[Records from a dataset]
+ + + + + + +
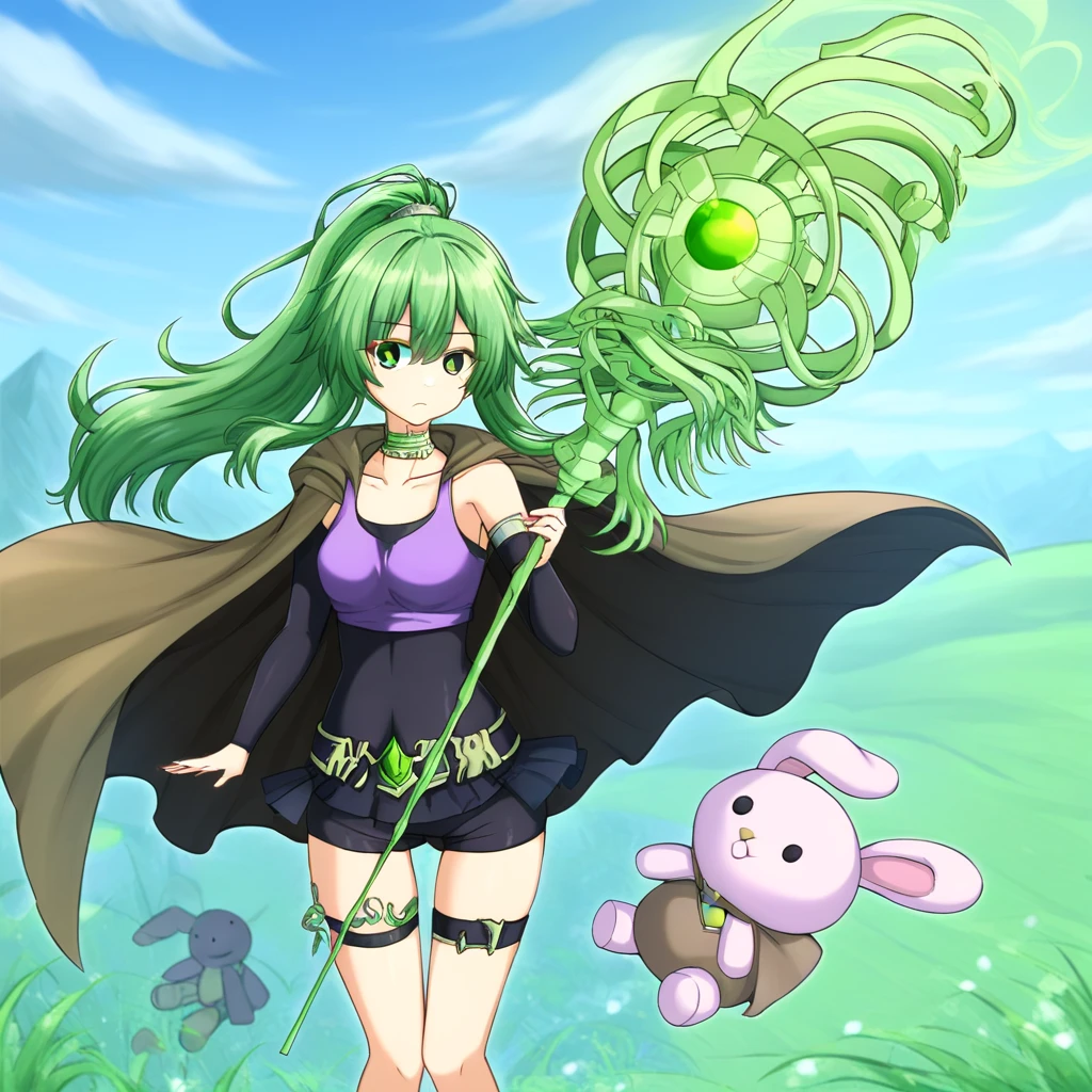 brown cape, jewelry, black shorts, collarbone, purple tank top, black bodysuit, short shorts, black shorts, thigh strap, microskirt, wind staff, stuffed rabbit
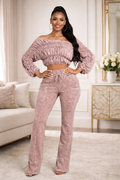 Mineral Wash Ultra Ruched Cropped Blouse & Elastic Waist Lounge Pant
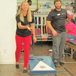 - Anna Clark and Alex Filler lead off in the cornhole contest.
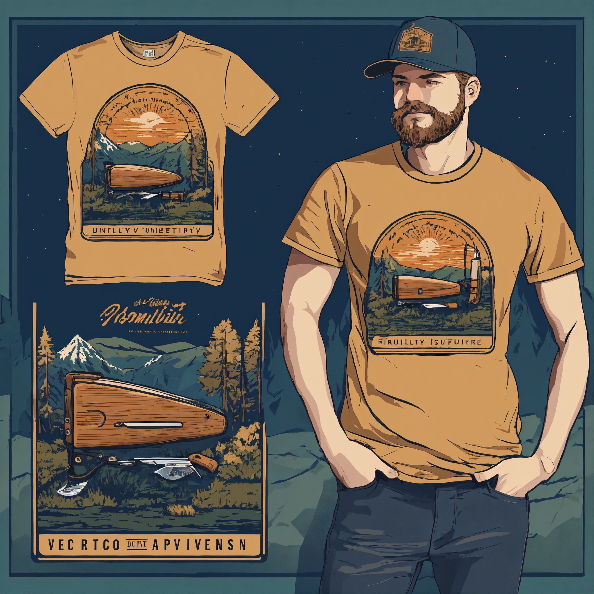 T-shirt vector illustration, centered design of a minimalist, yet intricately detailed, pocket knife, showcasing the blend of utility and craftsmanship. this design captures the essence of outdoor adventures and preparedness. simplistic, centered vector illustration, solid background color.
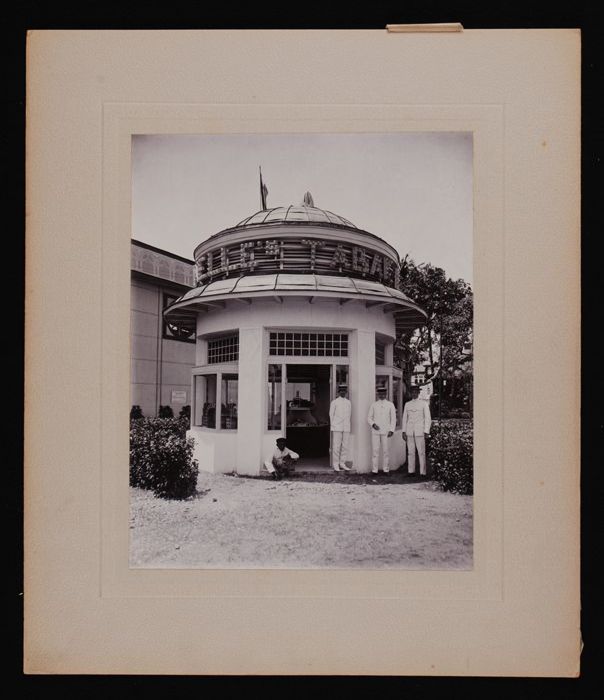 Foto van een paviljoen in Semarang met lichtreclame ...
+ + + + + + +
* ACTIVITY:
Only the lines from the one that contains "- Anna Clark" through the last line of the records may appear in the answer, retyped exactly and with no pictures.

* WRITTEN ANSWER:
 - Anna Clark and Alex Filler lead off in the cornhole contest.
 T-shirt vector illustration, centered design of a minimalist, yet intricately detailed, pocket knife, showcasing the blend of utility and craftsmanship. this design captures the essence of outdoor adventures and preparedness. simplistic, centered vector illustration, solid background color.
 Foto van een paviljoen in Semarang met lichtreclame ...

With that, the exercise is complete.